Затем он снова оказался в Париже. В 1455 г. во время драки из-за женщины Франсуа смертельно ранил своего соперника-священника и бежал из Парижа. Однако, через полгода, помилованный королём, он вернулся в столицу и снова принялся за грабежи в компании прежних приятелей.


В переулках Горы Св. Женевьевы он получил прозвище "Отец-кормилец": едва ли кто умел лучше него стащить копчёный окорок или укатить целую бочку вина (впрочем, с горы по переулкам бочка, надо думать, и сама катилась — только придерживай.)


Оказавшись в 1458 году в Блуа, при дворе принца Шарля (Карла) Орлеанского, самого крупного из французских поэтов того времени, Вийон принял участие в одном из поэтических конкурсов, которые устраивал в своём дворце принц Шарль.

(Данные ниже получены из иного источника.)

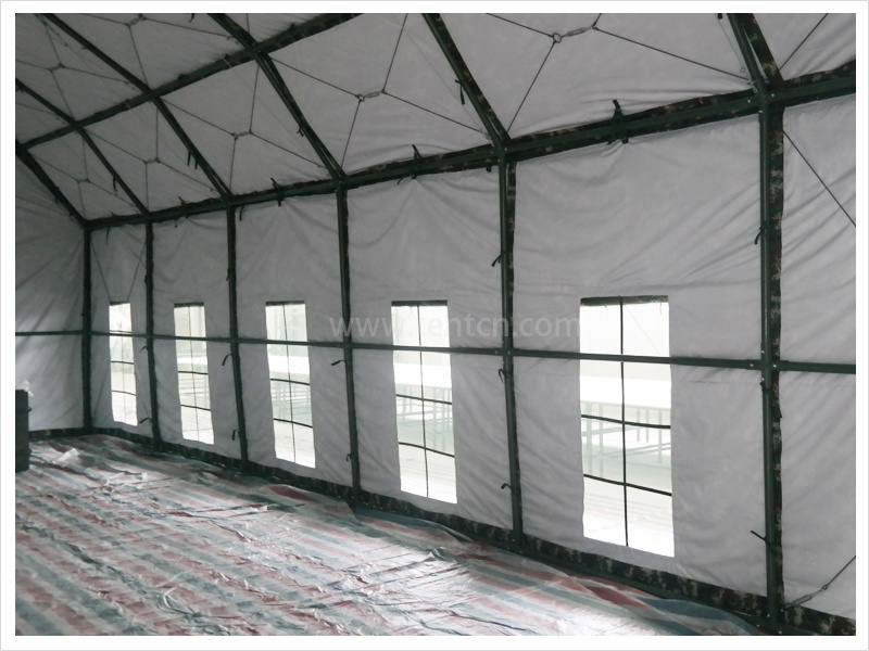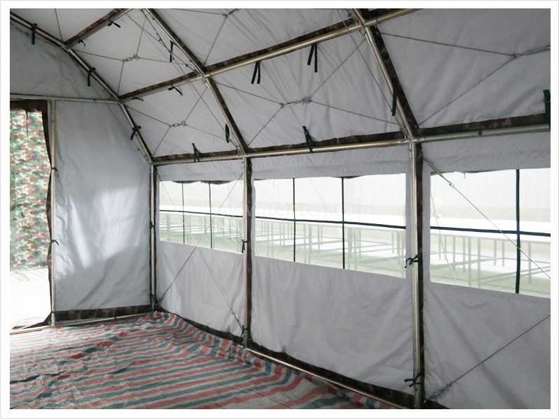 該帳篷結(jié)構(gòu)合理、空間開闊、安全可靠。穩(wěn)定性能優(yōu)良,抗風(fēng)承載、抗雪承載能力強(qiáng)。采用套管式通頭、彈簧插銷連接,互換性強(qiáng),無(wú)需任何組裝工具即可安裝替換。篷布采用滌綸草綠(林地?cái)?shù)碼)防水帆布,里布采用本白牛津布。其在抗拉、抗撕裂、耐老化、防雨等方面性能優(yōu)良。

Шарль задал присутствующим поэтам в качестве темы для стихов шутливую строчку: "От жажды умираю над ручьём". И Вийон продолжил её, написав одну из самых глубоких и философских своих баллад:


От жажды умираю над ручьём,

Смеюсь сквозь слёзы и тружусь играя.

Куда бы ни пошёл — везде мой дом,

Чужбина мне страна моя родная,

Я знаю всё, я ничего не знаю.

Мне из людей всего понятней тот,

Кто лебедицу вороном зовёт.

Я сомневаюсь в явном, верю чуду,

Нагой, как червь, пышнее всех господ,

Я всеми принят, изгнан отовсюду.


(пер. И. Эренбурга)


Парадоксальность этих стихов — частица парадоксальности не только жизни поэта и вора, пьяницы и вечно влюблённого идеалиста. Это зеркало парадоксальности самого Ренессанса, который сгустил в себе величайший взлёт гуманистических философий — и бесчеловечность казней, неповторимые вершины почти всех европейских литератур — и низменную корысть интриганов или отравителей, великую живопись — и беспредел площадной вульгарности быта… Это было время величайших подвигов и самых низменных подлостей, мечты и шарлатанства, головокружительной святости и бесконечных войн…


Никогда Европа не была ни раньше, ни поздней, так противоречива, так парадоксальна, как в четырнадцатом — шестнадцатом столетиях. Жанна д'Арк и Лукреция Борджиа — вот два женских лика времени, словно бы исключающие друг друга.


А Вийон? Воплотив в себе одном всю несовместимость разнообразных до бесконечности граней эпохи, Вийон такое же лицо Ренессанса как, хотя бы, Леонардо да Винчи.


Шарль Орлеанский сразу понял, что такое Вийон. Он очень высоко ценил талант "этого бродяги" и не раз выручал потом своего коллегу из щекотливых ситуаций…


А когда Вийон попал в тюрьму города Менг на Луаре, его освободил только что вступивший на престол Людовик XI, наслышавшийся о поэте от того же Шарля Орлеанского.